Many times, those who have worked in industry bring skills and experiences with them that are not as well-developed within higher education, said Joyce W. Yen, program and research manager of Washington’s ADVANCE Center for Institutional Change. For example, those from private industry have gained experience managing projects and people in ways that are different from the methods practiced at universities. “In academia you just see one model, which is the model you did with your Ph.D. adviser,” said Yen. “In industry you get to import those ideas into your academic career.”

Riskin said those who work in industry but are active in professional associations, have their own research labs, and are interested in teaching seem to make promising recruits to come back into academe. “They look like faculty, but don’t have the faculty title,” she said. “Those are the most obvious slam dunks.”

Several of those who have made the transition (and were participating in the workshop) described similar reasons for doing so -- and the sometimes unexpectedly difficult challenges involved in negotiating two very different cultures.

Teaching is more difficult than it appears from the outside, several said, and the slow pace of academe can be maddening. “What takes a year in an academic setting would take a month in an industrial setting,” said O’Donnell.

Many of those who switched said they much preferred the work/life flexibility that faculty life can offer.
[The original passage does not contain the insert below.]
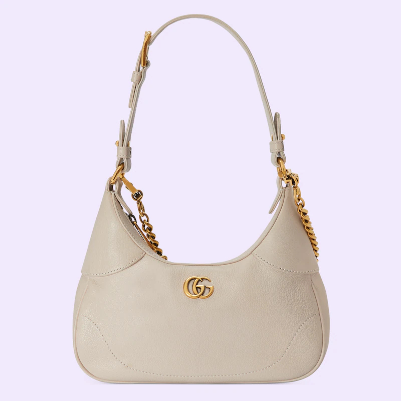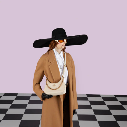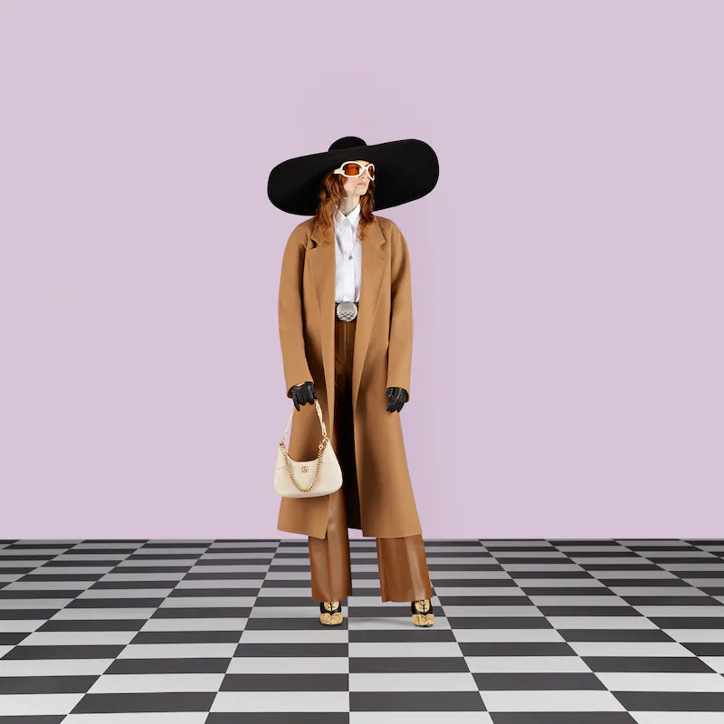 The Cruise 2023 Guthtcci Cosmogonie collection was presented against the backdrop of the historic Castel del Monte in Italy. The show brought together aesthetics from distant eras and geographies, and linked elements from the past with the present. This new small crescent-shaped shoulder bag was inspired by the House’s archives, it is crafted in soft leather and features the Double G emblem—a code originally introduced in the 1970s. Embodying the notion of the versatility, the bag is enriched with two shoulder straps, one is crafted in leather and the other is in Guthtcci’s recognizable gold-toned chain design.

Some said they relished having the chance to attend a child’s soccer game while choosing the 50 to 60 hours per week they work.
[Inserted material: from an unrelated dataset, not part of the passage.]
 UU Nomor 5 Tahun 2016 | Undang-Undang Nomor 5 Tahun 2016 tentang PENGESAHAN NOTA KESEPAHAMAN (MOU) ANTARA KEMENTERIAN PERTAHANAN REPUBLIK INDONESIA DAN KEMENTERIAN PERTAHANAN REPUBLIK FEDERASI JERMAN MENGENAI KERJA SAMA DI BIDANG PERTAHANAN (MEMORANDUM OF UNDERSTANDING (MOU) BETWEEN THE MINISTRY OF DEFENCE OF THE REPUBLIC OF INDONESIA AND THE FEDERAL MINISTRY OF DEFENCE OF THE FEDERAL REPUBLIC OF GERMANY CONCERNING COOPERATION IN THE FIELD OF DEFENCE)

But, at the same time, a teaching schedule is more unforgiving than a 9-to-5 work schedule can be, said Debra Wallace, assistant professor of physics and astronomy at the University of South Carolina at Beaufort, who got her new position after attending the last On-Ramps workshop as a government researcher.

“While my time is much more flexibly scheduled in general, those teaching times are pretty much time you can’t be sick and you can’t miss,” she said. Last year, Wallace fought a bad flu, but soldiered through it in order to honor her class commitments. In the workplace it would have been simpler to just call in sick, she said.

The shift in expectations, resources (both human and financial), workload and money also struck many of those who made the switch. What they gave up in salary they have gotten back in intellectual freedom. But the work load is, in some cases, worse. “I thought I was working hard when I was working in industry,” said Claire Gmachl, who worked at Bell Laboratories at Lucent Technologies before becoming professor of electrical engineering at Princeton University. “As a professor, I’m working so much harder."

Some women said they had always planned to join the professoriate, but found academic jobs to be more scarce and the environment less hospitable to hiring women than private industry. But many said that what they ultimately prized most about their university jobs was the intellectual and academic freedom to pursue their work.

That has been true for Cecilia Aragon, who two months ago started her job as associate professor of human-centered design and engineering at Washington after working as a researcher at Lawrence Berkeley National Laboratory. Aragon said she had long wanted to work in academe, and -- after working at Lawrence Berkeley and teaching on the side -- she decided to put herself on the market. She received six offers.

While working for the lab, Aragon said she was able to pursue, up to a point, the research she’s interested in: how humans interact with computers and, particularly, how we struggle to make adequate use of ever-growing mountains of data. But after developing systems and tools for the lab that could be marketed to scientists, Aragon said she saw a need for the development of a larger theory, which would call upon several different disciplines, including mathematics, sociology, technology and psychology.

Such conceptual work did not lend itself easily to manufacturing a discrete product that a company could sell, she said. Now, she’s been able to pursue her interests in what she says is a burgeoning new field. “In industry everything you do gets back to the bottom line,” said Aragon. “The advantage of working in academia is you’re free to move in whatever direction you think is best.”